Practical Solutions for Immigrants and America


On DACA Anniversary, Momentum for Reform Continues to Build

June 14, 2013

WASHINGTON, D.C. — On June 15, 2012, the Obama administration announced the Deferred Action for Childhood Arrivals (DACA) program, which temporarily removes the threat of deportation from young DREAMers — people under the age of 30 who were brought to the United States before age 16 and who meet certain residence, education and public safety requirements. A year in, this policy has become a reality for over 365,000 young immigrants — and momentum for broad, commonsense and permanent immigration solutions has only continued to build.
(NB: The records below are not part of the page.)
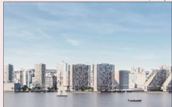
Proposta prevê torres na orla do Guaíba
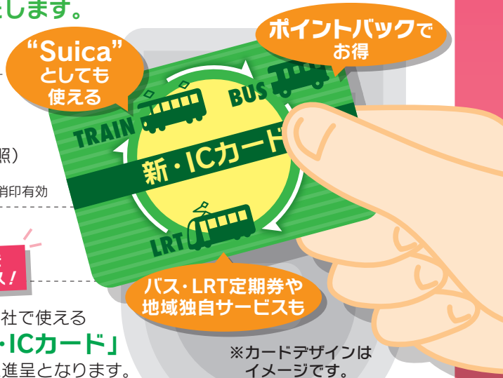
※カードデザインはイメージです。
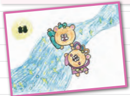
イラスト/たによん事業所 S.M.さん

"As over 365,000 young hard working people have bravely come forward this past year, the country has stood behind them in support. And now a vast majority of Americans are urging Congress to finish the job by making commonsense immigration reform a reality. Deferred Action has proved to be a successful and commonsense program that protects hardworking undocumented young people from deportation," said Ali Noorani, Executive Director of the National Immigration Forum. "And, even more, it has given us a hint of what’s to come from immigration reform.

“DACA helped to show what conversations on smart immigration policy can and should look like. Americans have said in study after study that it’s time for common sense solutions that fix our broken immigration system. DACA demonstrated that there must be a permanent, legislative that gives aspiring Americans a chance to contribute fully to the only country they call home. ”
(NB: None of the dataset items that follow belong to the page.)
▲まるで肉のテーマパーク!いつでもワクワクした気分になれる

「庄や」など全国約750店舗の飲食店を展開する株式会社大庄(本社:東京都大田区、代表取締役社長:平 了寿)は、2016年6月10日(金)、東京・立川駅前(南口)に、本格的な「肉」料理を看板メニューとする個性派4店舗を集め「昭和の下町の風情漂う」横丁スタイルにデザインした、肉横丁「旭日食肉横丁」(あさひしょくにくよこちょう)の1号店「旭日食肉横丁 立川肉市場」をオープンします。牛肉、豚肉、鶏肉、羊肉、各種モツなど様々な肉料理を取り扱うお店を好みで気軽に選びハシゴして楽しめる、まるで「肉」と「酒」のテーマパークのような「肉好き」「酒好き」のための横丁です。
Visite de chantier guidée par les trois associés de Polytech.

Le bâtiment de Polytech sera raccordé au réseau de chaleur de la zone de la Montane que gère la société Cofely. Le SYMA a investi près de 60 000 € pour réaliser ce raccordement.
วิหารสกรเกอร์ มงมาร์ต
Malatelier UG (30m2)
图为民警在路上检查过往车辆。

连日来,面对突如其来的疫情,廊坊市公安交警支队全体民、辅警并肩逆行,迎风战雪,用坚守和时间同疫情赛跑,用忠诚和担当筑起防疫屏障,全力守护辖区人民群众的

As the immigration reform debate gets under way on the Senate floor, two polls released Thursday, June 13, show the dynamic support for broad immigration reform that has developed. In a Fox News poll, 76 percent of respondents said that passage of immigration reform legislation is important this year, and 74 percent said reform should include a roadmap to earned citizenship for aspiring Americans who meet certain requirements. Separately, a poll sponsored by the Alliance for Citizenship, Partnership for a New American Economy and Republicans for Immigration Reform found very strong support for reform in 29 states.

In the past year, support for reform also has broadened among faith, law enforcement and business leaders across the country. On Wednesday, more than 100 leaders in the Bibles, Badges and Business for Immigration Reform (BBB) network came to Washington and met with more than 80 congressional offices to show their support for immigration reform. One of the most inspiring stories of the day was that of Jesus Loya, a Utah angel investor and former DREAMer.
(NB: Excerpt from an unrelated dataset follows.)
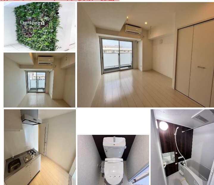
※図面と現況が異なる場合は現況を優先致します

“My American story is one of hard work and perseverance, but it is not unique — I feel compelled to share it on behalf of the millions of aspiring young Americans, like me, who want to give back to the only country they know and love,” Loya said. “That’s why I’m here: to make sure that stories like mine are told, and to help ensure Congress knows that Americans are calling on them to fix our broken immigration system once and for all.”

As the debate in Congress continues to unfold, voters across the political spectrum are watching.

“We have come a long way on the road to immigration reform, but the fight is far from over,” Noorani said. “Deferred Action is a Band-Aid where we need a cure. We look forward to the passage of comprehensive immigration reform that puts into law a path to citizenship for DACA recipients and other aspiring Americans.”